SLB LIMITED/NV (SLB) reported a net loss of $93.3 million for the second quarter ended June 30, 2001, translating to a loss of $0.16 per diluted share. This performance was significantly impacted by a substantial $280 million impairment charge related to the expected disposition of certain Resource Management Services businesses. Excluding this charge, the company would have posted a net income of $187 million, or $0.32 per diluted share, representing an increase from the prior year's second quarter net income of $156 million. The company saw robust revenue growth, particularly in its Oilfield Services segment, which increased by 44% year-over-year, driven by a 27% rise in the worldwide M-I rig count and improved pricing. The newly formed SchlumbergerSema segment, bolstered by recent acquisitions, also contributed significantly to revenue, though it reported a pretax operating loss for the quarter due to integration costs and sector-specific challenges. The overall financial results reflect a company undergoing significant strategic shifts, including major acquisitions and planned divestitures.

Key Highlights

  • 1Reported a net loss of $93.3 million ($0.16 per diluted share) for Q2 2001, heavily influenced by a $280 million impairment charge.

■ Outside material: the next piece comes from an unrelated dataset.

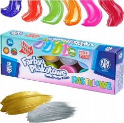 De set pastelkleurige plakkaatverf van ASTRA biedt 12 subtiele tinten van 20 ml, inclusief 2 metallic tinten. De verven zijn met water verdunbaar, hebben een hoge dekkracht, een matte afwerking na droging en lichtechtheid – ideaal voor school en thuis creatief werk.

  • 2Excluding the impairment charge, adjusted net income was $187 million ($0.32 per diluted share), up from $156 million ($0.27 per diluted share) in Q2 2000.
  • 3Oilfield Services revenue surged 44% year-over-year to $2.47 billion, driven by a 27% increase in worldwide rig count and improved pricing.
  • 4The newly formed SchlumbergerSema segment generated $901 million in revenue, including contributions from recent acquisitions of Sema plc and Bull CP8.
  • 5The company completed the acquisition of Sema plc for $5.15 billion in April 2001, significantly impacting its balance sheet and financing activities.
  • 6Cash used in investing activities was substantial at $3.84 billion, primarily due to the Sema acquisition, while financing activities provided $3.69 billion in cash.
  • 7The company plans to divest certain Resource Management Services businesses, contributing to the significant impairment charge recognized in the quarter.